Friday, August 23, 2019

River Giant part II

Yeah I cant believe it. Today had already been the best day in years before I even went fishing. My wife needs a kidney and today we found a donor that matches, like I said if I didn't catch a fish it didn't matter today. Anyways back to the fishing report... Two weeks ago I catch an absolute giant smallmouth. 21 inches and fat as a pig. I said in my fishing report back then that I doubted I'd ever again catch a fish to rival that fish in bulk in an Ohio stream. Little did I know that less than two weeks later I'd catch a fish in the same class. It's only 20.5 inches long but fat as a bluegill. Only 20.5? Never mind, forget I said something that stupid. It was 20.5 inches long and fat as a bluegill. Probably 5th or 6th on my pb Ohio length list but definitely in the top two for overall bulk. That's 35 or 40 years of fanatical 100 to 200 days a year fishing.
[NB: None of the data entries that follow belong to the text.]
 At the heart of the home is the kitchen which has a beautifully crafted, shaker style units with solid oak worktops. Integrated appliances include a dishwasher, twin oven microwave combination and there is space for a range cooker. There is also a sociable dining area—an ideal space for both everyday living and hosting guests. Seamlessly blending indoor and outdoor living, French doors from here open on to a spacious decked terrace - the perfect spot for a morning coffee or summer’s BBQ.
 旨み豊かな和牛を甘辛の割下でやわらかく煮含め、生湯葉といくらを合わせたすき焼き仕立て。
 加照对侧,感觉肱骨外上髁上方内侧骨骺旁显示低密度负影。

I'd been skunked at this spot twice in the last week. But it was in between several other places and so convenient to hit for a few minutes on the way to or from somewhere else. And it just looked so good. This time of year when the waters low and warm I'm looking for the fastest water in several miles of river. If there is a big fish feeding it will be there. And the warm water has their metabolism ramped up so they are more likely to feed. I remember posting last year I really hated for the hottest part of the year to go away. It really makes finding the best spot easier. Usually the very fastest water isn't water made that way by a natural feature. A big old bridge abutment, a washed out old dam, huge pieces of concrete dumped by a railroad, an old buick, that sort of thing. Something so big that it can stay right there in the fastest flow of the stream and funnel that making it even faster. Natural rocks in our southern Ohio rivers just aren't big enough not to be washed away in these kinds of places. There are exceptions of course, heck, Clifton Gorge on the Little Miami has rocks that look like they are from the Big South Fork or the New. But 99 percent of the time you want to find concrete in fast water. Not just fast but sweep you off your feet and drown you fast if you aren't paying attention.
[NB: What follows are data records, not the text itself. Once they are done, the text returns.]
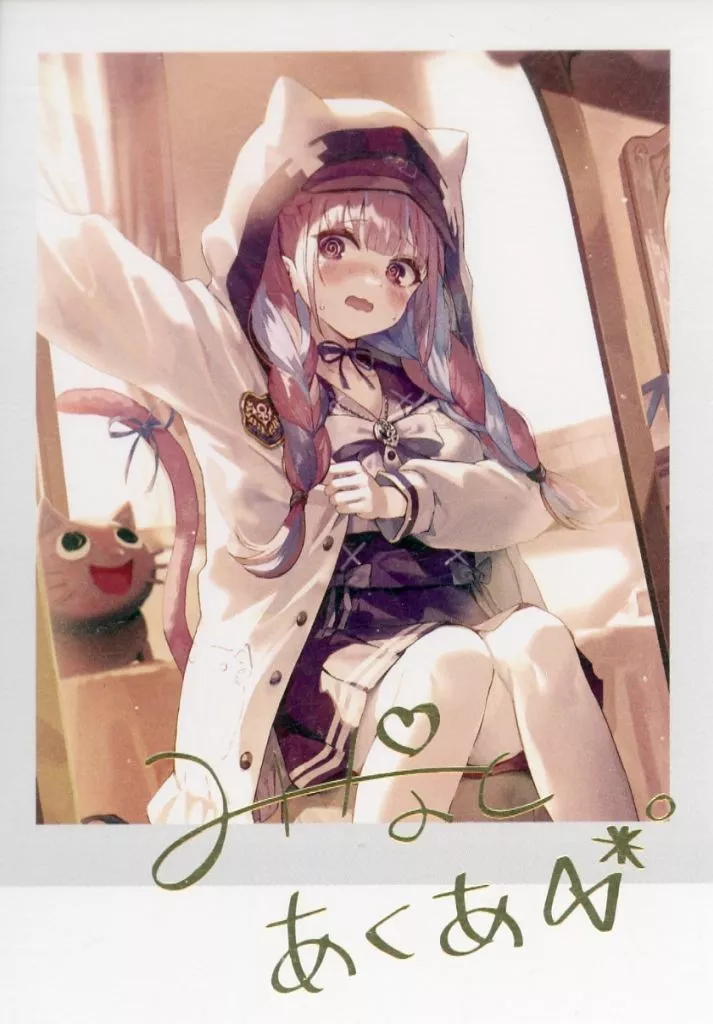 Product explanation ■ "Virtual YouTuber Hololive Minato Aku activity 5th anniversary commemorative activity 5th anniversary commemorative full set" Purchase benefits's "Minato Aku duplicate hot stamping with signature fluffy drawing Cheki style bromide card".
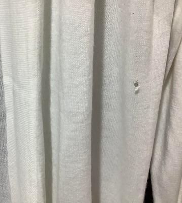 This cardigan was ordered on line and arrived with a hole in the front side. It was a gift for my daughter's birthday. I wrote to Macys advising them, but to date have not received the courtesy of a response.
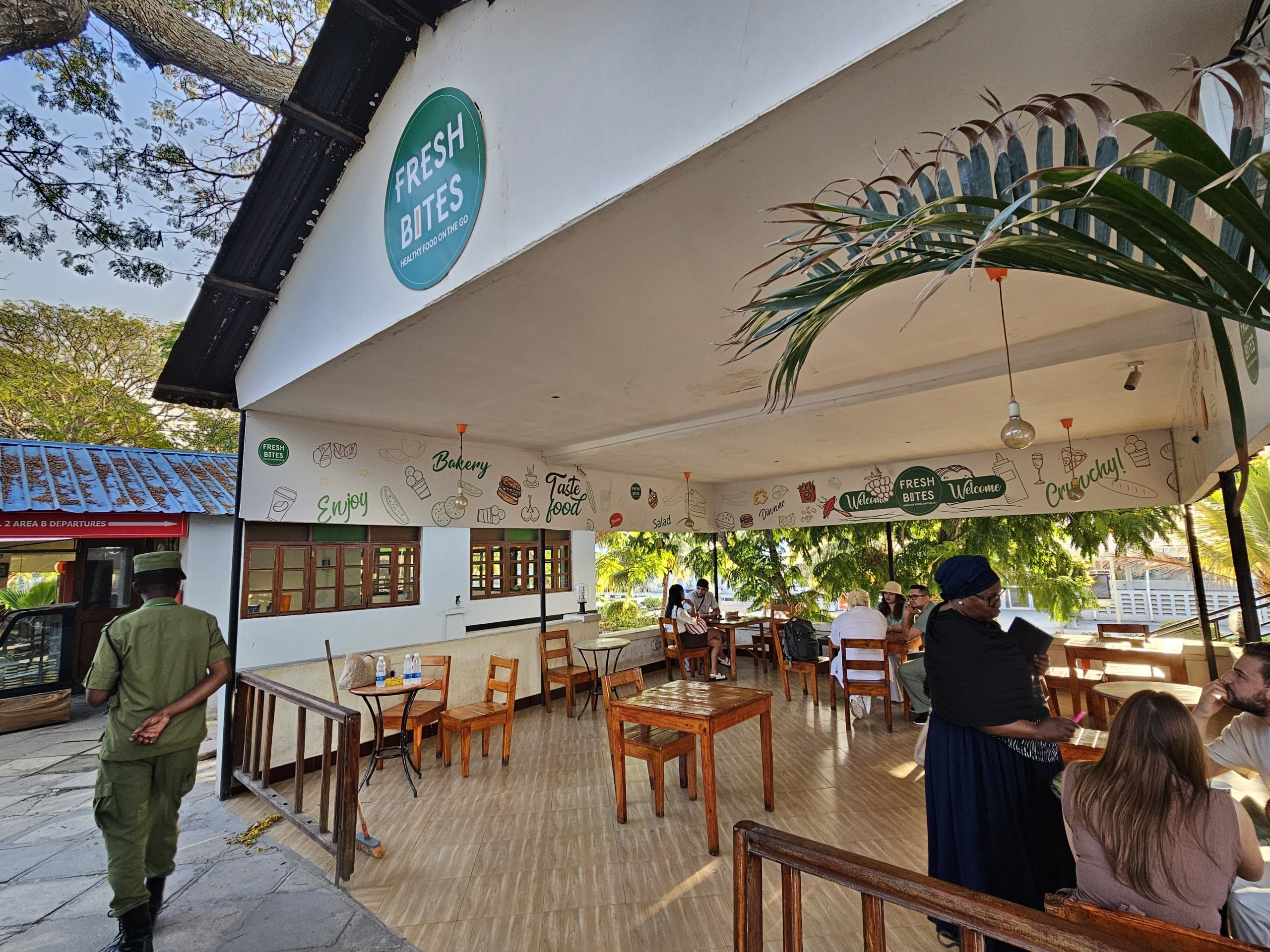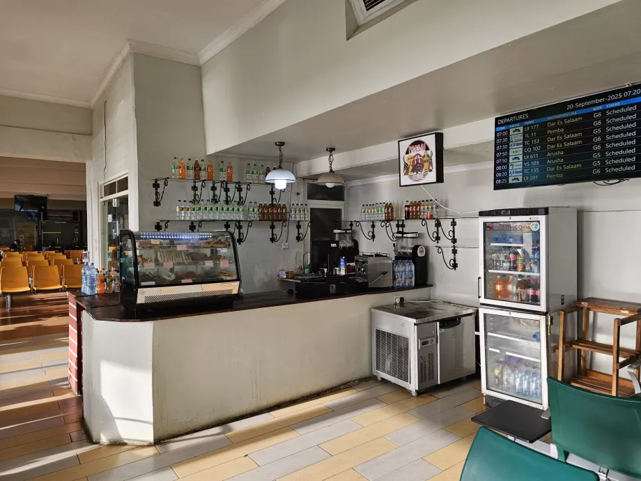 Tarptautiniame terminale po saugumo patikros rasite restoraną, barą ir nedidelį bistro. Kainos čia kelis kartus didesnės nei bet kur kitur Zanzibare.
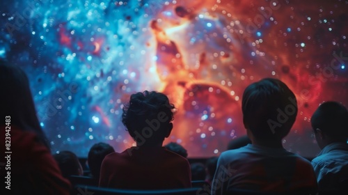 The planetarium dome lighting up with colorful visuals and vibrant constellations as a group of students watches a lively educational presentation on space.
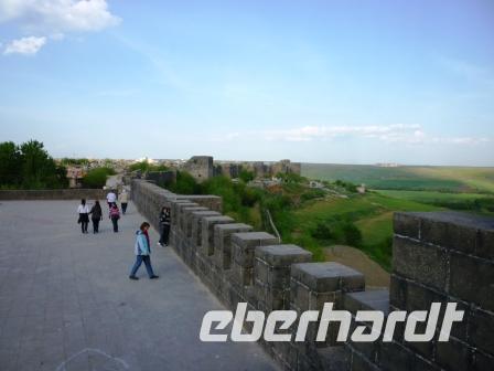 Die schwarzen (Basalt) Stadtmauern von Diyarbakir (Kara Amid) waren schon aus der Ferne zu sehen, als wir am zeitigen Nachmittag dort eintrafen. Von einem Aussichtspunkt aus hatten wir einen umfassenden Blick auf die Tigrisauen und die Stadt. Sie ist eine der malerischsten und lebhaftesten Städte der Türkei, bekannt aber auch als Hochburg kurdischer Stämme und politischer Gruppierungen sowie als Garnisonsstadt. Eine bewegte Vergangenheit prägt die Stadt, die in ihrer Frühzeit zu Nordmesopotamien gehörte, Perser, Römer, Byzantiner, Araber u. a. in ihren Mauern aufnahm und heute eine expandierende, aber immer noch exotische Provinzhauptstadt ist.

Which is exactly what this place had. A huge slab of concrete from who knows what or when sitting in fast head deep water shunting it all to one side creating a raging chute that looks like something out of a whitewater kayaking video. But I'd been skunked here twice. I had a pearl paddletail swimbait of Vic's on a plain roundball jighead. Three or four casts. Then I threw it into the edge of the fast water pulled it out and let it fall on a tight line. Thump. Okay it's a big channel, this is the kind of spot your about as likely to catch a cat as a smallmouth. Then it comes up. And everything seemed to speed up till I slid her out on the gravel. It's been one hell of a neat day...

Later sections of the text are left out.